Segment Open
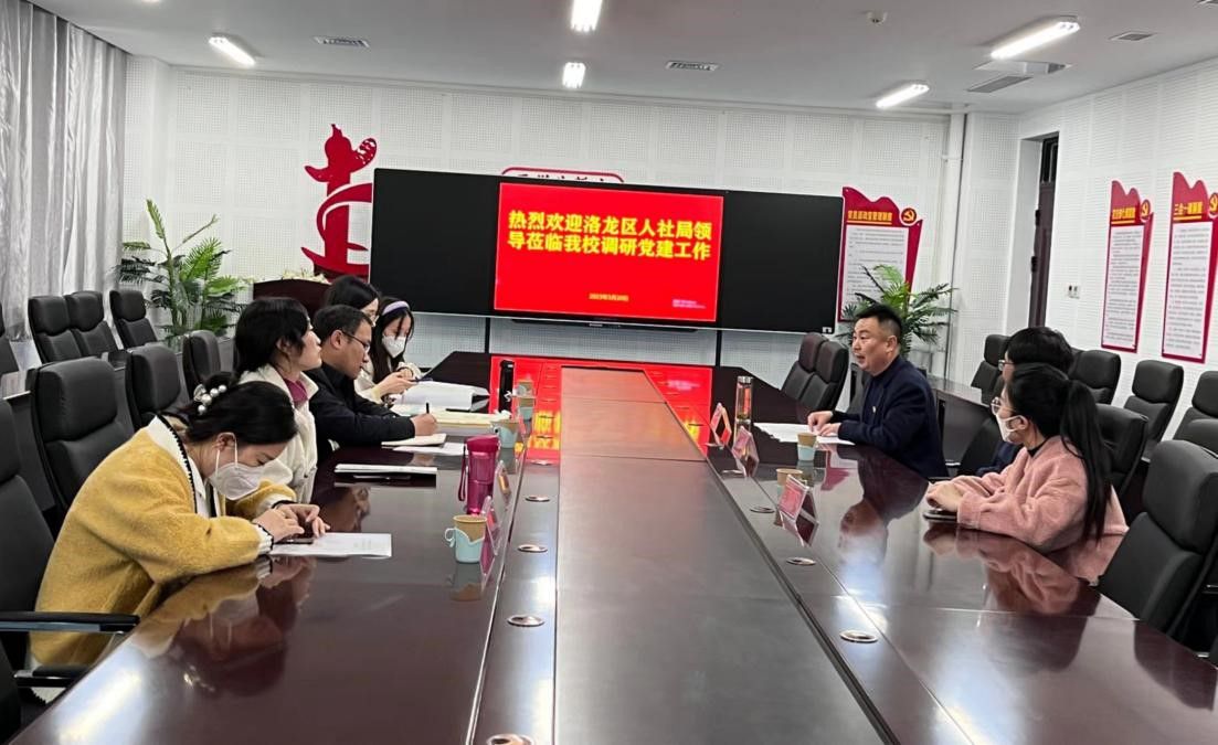 3月20日下午,洛龙区人社局副局长解作纯一行到我院进行党建工作调研,调研的重点是如何创建“五星支部”。校工会主席徐阁、医学院党总支副书记李世恩、组织部田研华参加了调研座谈会。
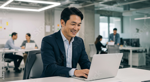 Smiling Businessman, Modern Office, Laptop Success AI Generated
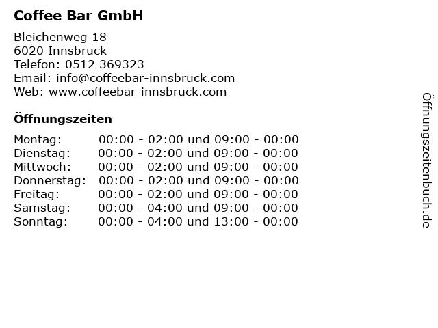| Öffnungszeiten Coffee Bar GmbH in Innsbruck anzeigen | |
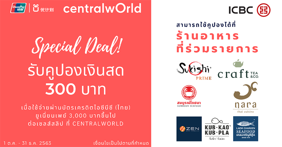 ข้อกำหนดและเงื่อนไข - รับคูปองเงินสด 300 บาท เมื่อใช้จ่ายผ่านบัตรเครดิตไอซีบีซี (ไทย) ยูเนี่ยนเพย์ 3,000 บาทขึ้นไป ณ ร้านค้าที่รับบัตรยูเนี่ยนเพย์ในเซ็นทรัลเวิลด์
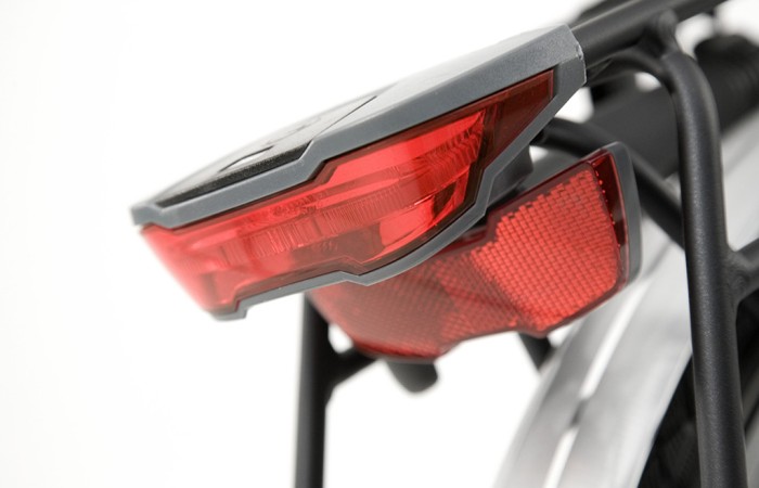 Een nieuwe signatuur voor de Gazelle E-bike. Een achterlicht die op de BMW i8 elektrische auto is geïnspireerd, de drie lichtbundels zorgen voor extra zichtbaarheid en dus meer veiligheid.
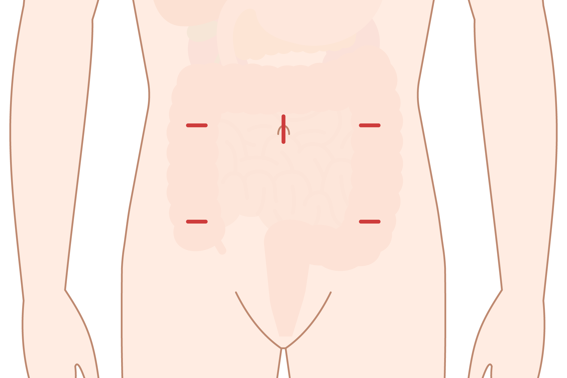 根治できるような初期の大腸がんは症状がほとんどありませんが、進行すると腸の内腔が狭くなり便秘や下痢が出現します。また、便に血液が混じる(血便)、便が細くなる、貧血、腹痛、体重が減る、お腹にしこりができるなどの症状が出現してくるようであれば要注意です。さらに進行すると、腸閉塞や腸に穴が開く消化管穿孔を引き起こし、緊急手術となることもあります。
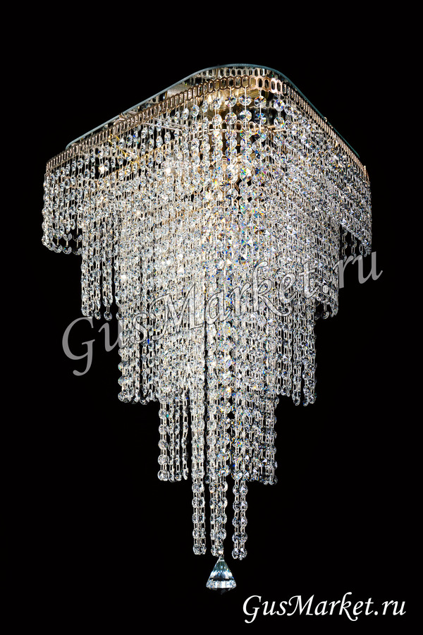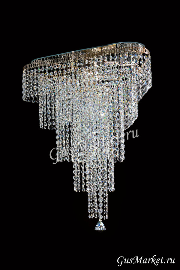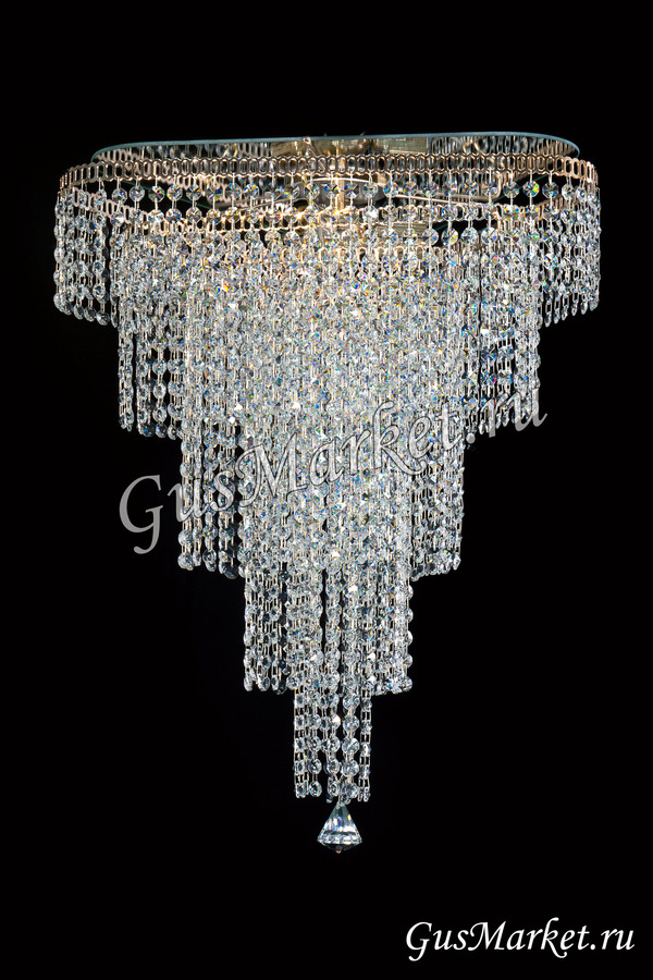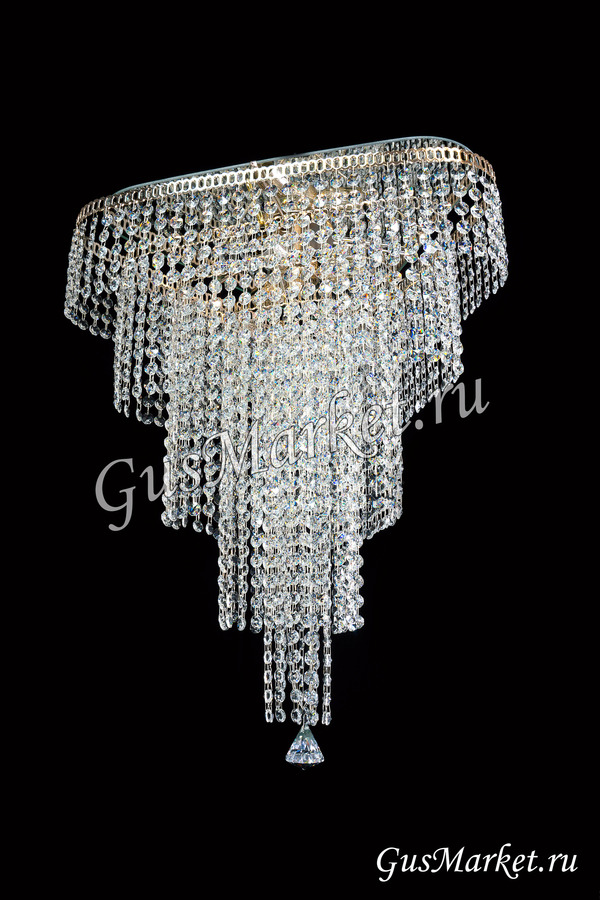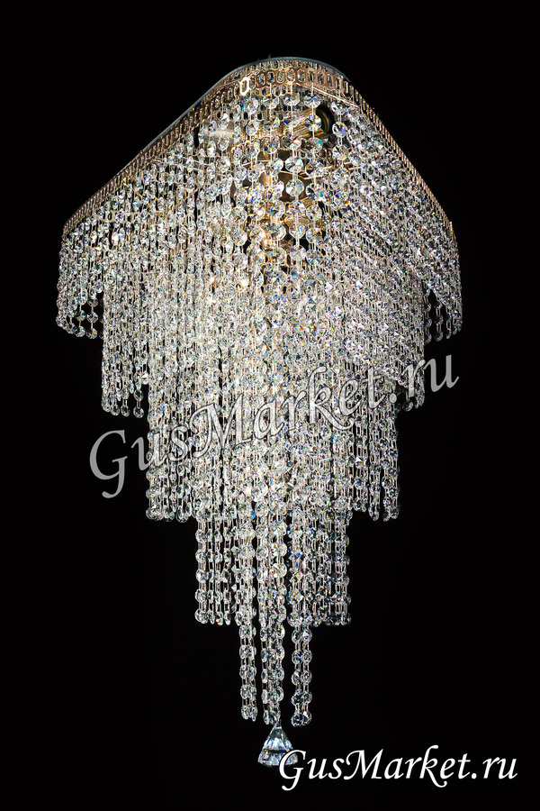 Люстра с зеркалом, производство г. Гусь-Хрустальный. Люстра имеет форму треугольника. Зеркало придает дополнительную игристость хрусталю и делает комнату светлей. Поставляется в собранном виде, крепление крючковое. Высоту можно сделать под заказ клиента.
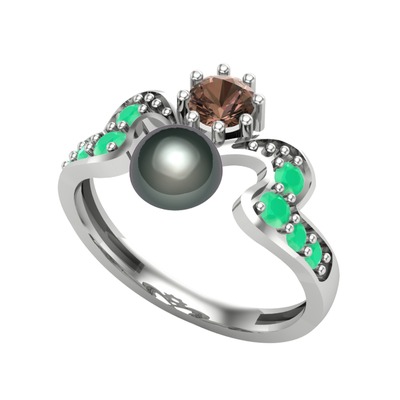 Siyah inci, dumanlı kuvars ve kök zümrüt 8 ayar beyaz altın yüzük
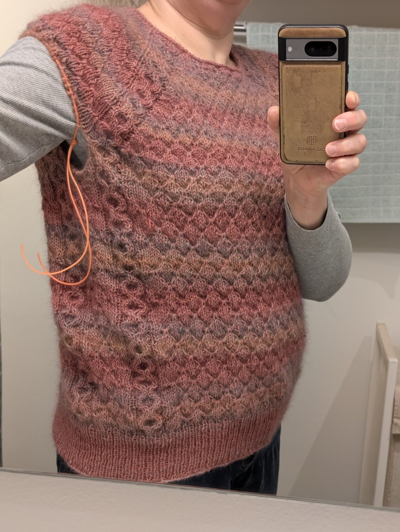 Ja, man sidder med meget til sidst, når man strikker ærmerne.
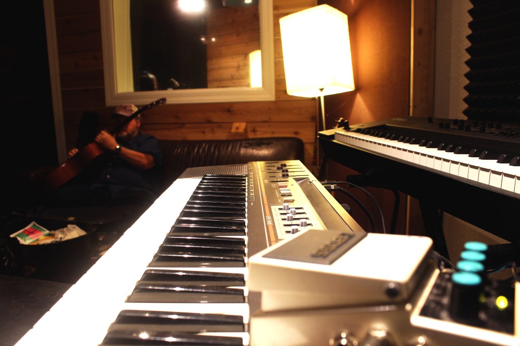 String and keyboard tracking in the B room 8/27/19Three musicians track a song. Jason Elinoff tracks his Viola in the back isolation booth, Vars Pope practices lead on the resident acoustic, and Travis Pope runs through the venerable Casiotone CT320 at 5th St Studios
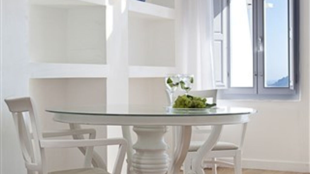 Dvoulůžkový pokoj Interiér 25 m², klimatizované dvoulůžkové pokoje s koupelnou a WC, vysoušeč vlasů, telefon, SAT/TV, trezor na laptop, minibar, koupací pláště a pantofle, připojení k internetu a terasa s výhledem na kalderu. Maximální obsazenost 2 osoby.Junior suita Interiér 30 m², klimatizované pokoje některé s podkrovní ložnicí a obývacím pokojem. Koupelna s WC, vysoušeč vlasů, telefon, SAT/TV, trezor na laptop, minibar, koupací pláště a pantofle, připojení k internetu a terasa s výhledem na kalderu. Maximální obsazenost 3 osoby.Senior suita Interiér 35 m², klimatizované pokoje s ložnicí a obývacím pokojem. Koupelna s jacuzzi a WC, vysoušeč vlasů, telefon, SAT/TV, trezor na laptop, minibar, koupací pláště a pantofle, připojení k internetu a terasa s výhledem na kalderu. Maximální obsazenost 3 osoby.Superior suitaInteriér 40 m², klimatizované pokoje s ložnicí a obývacím pokojem. Koupelna s vanou, jacuzzi a WC, vysoušeč vlasů, telefon, SAT/TV, trezor na laptop, minibar, koupací pláště a pantofle, připojení k internetu a terasa s výhledem na kalderu. Maximální obsazenost 3 osoby.Novomanželská suita Interiér 45 m², klimatizované pokoje s ložnicí a obývacím pokojem. Koupelna s vanou, jacuzzi a WC, jídelna na terase, vysoušeč vlasů, telefon, SAT/TV, trezor na laptop, minibar, koupací pláště a pantofle, připojení k internetu a terasa s výhledem na kalderu. Maximální obsazenost 2 osoby.Suita Katikies Interiér 50 m², klimatizované pokoje s ložnicí a obývacím pokojem. Koupelna s vanou, jacuzzi a WC, jídelna na terase, vysoušeč vlasů, telefon, SAT/TV, trezor na laptop, minibar, koupací pláště a pantofle, připojení k internetu a terasa s výhledem na kalderu. Maximální obsazenost 2 osoby.
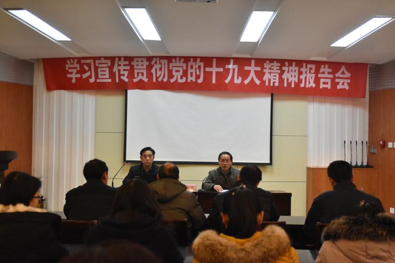 12月26日上午,校党委党的十九大精神宣讲组成员、校纪委副书记、监察处长王宾齐教授在大礼堂第三报告厅宣讲十九大精神,成人小说 教师及其他三个单位主要负责同志和党员参加会议。宣讲会由成人小说 党委书记李世欣主持。
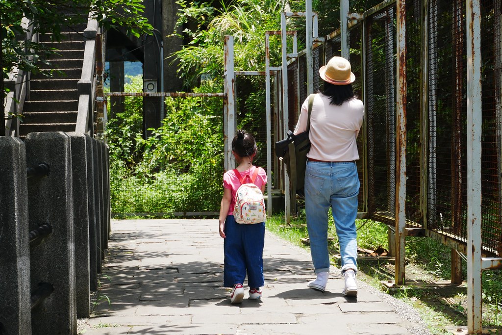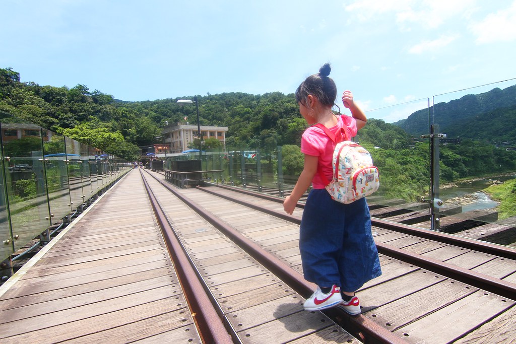 日正當中的,小櫻桃一向熱怕,我很怕她爆走,果真在鐵軌上玩了一下就喊熱想吃冰了,只好哄她再往前走走到底才買冰給她…
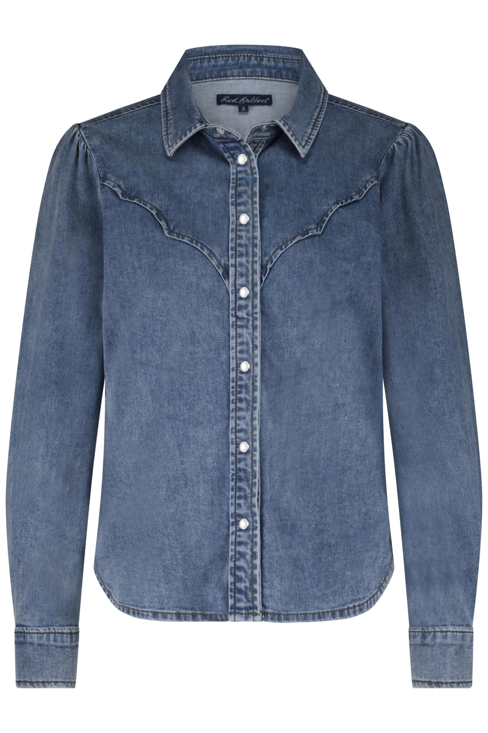 Deze Red Button damesblouse in denimstijl biedt een casual maar stijlvolle look voor de winter. Met een regular fit geeft de blouse een comfortabele pasvorm, ideaal voor dagelijks gebruik. De bleached wash zorgt voor een modieus effect, terwijl de opvallende drukknopen aan de voorkant het geheel een eigentijdse uitstraling geven. De puntkraag en de subtiele pofmouwen voegen een vleugje verfijning toe zonder te overdrijven. Gemaakt van een hoogwaardige mix van katoen, polyester en elastan, combineert deze blouse duurzaamheid met een aangenaam draagcomfort. De Red Button blouse is uitstekend te combineren met een casual jeans voor een alledaagse look, of maak het wat chiquer met een nette rok voor een werkdag of een diner. De normale lengte en lange mouwen maken het geschikt voor verschillende gelegenheden en seizoenen, waardoor je er veelzijdig mee kunt experimenteren. De mid stone kleur maakt deze blouse makkelijk te matchen met verschillende kleuren en stijlen in je garderobe, wat het een praktische keuze maakt voor iedereen die houdt van een stijlvolle en veelzijdige outfit.
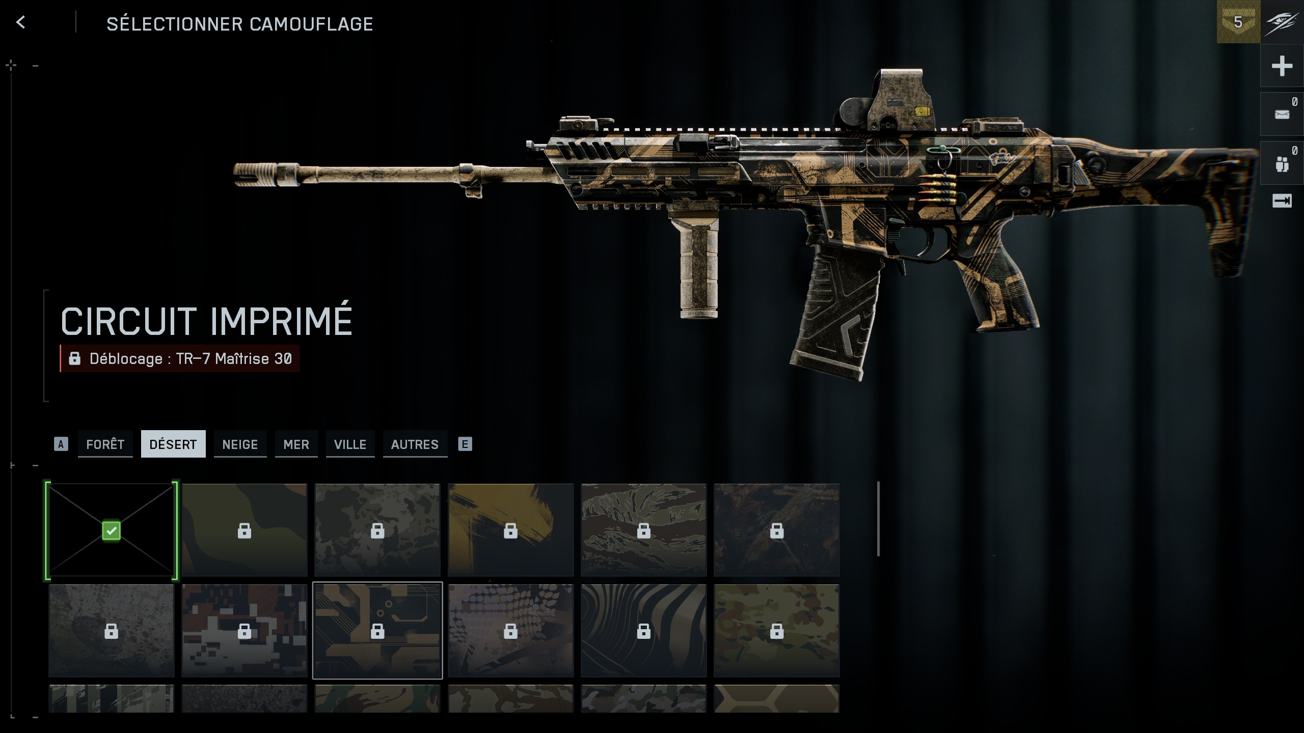- Circuit imprimé : Débloqué au niveau 30 de la TR-7
Segment Closed
Exercise requirements |
In the material above, one part opens with the line containing "ข้อกำหนดและเงื่อนไข - รับคูปองเงินสด" and closes with the line containing "String and keyboard". Write out that part exactly and skip its pictures.

Reply |
 ข้อกำหนดและเงื่อนไข - รับคูปองเงินสด 300 บาท เมื่อใช้จ่ายผ่านบัตรเครดิตไอซีบีซี (ไทย) ยูเนี่ยนเพย์ 3,000 บาทขึ้นไป ณ ร้านค้าที่รับบัตรยูเนี่ยนเพย์ในเซ็นทรัลเวิลด์
 Een nieuwe signatuur voor de Gazelle E-bike. Een achterlicht die op de BMW i8 elektrische auto is geïnspireerd, de drie lichtbundels zorgen voor extra zichtbaarheid en dus meer veiligheid.
 根治できるような初期の大腸がんは症状がほとんどありませんが、進行すると腸の内腔が狭くなり便秘や下痢が出現します。また、便に血液が混じる(血便)、便が細くなる、貧血、腹痛、体重が減る、お腹にしこりができるなどの症状が出現してくるようであれば要注意です。さらに進行すると、腸閉塞や腸に穴が開く消化管穿孔を引き起こし、緊急手術となることもあります。
 Люстра с зеркалом, производство г. Гусь-Хрустальный. Люстра имеет форму треугольника. Зеркало придает дополнительную игристость хрусталю и делает комнату светлей. Поставляется в собранном виде, крепление крючковое. Высоту можно сделать под заказ клиента.
 Siyah inci, dumanlı kuvars ve kök zümrüt 8 ayar beyaz altın yüzük
 Ja, man sidder med meget til sidst, når man strikker ærmerne.
 String and keyboard tracking in the B room 8/27/19Three musicians track a song. Jason Elinoff tracks his Viola in the back isolation booth, Vars Pope practices lead on the resident acoustic, and Travis Pope runs through the venerable Casiotone CT320 at 5th St Studios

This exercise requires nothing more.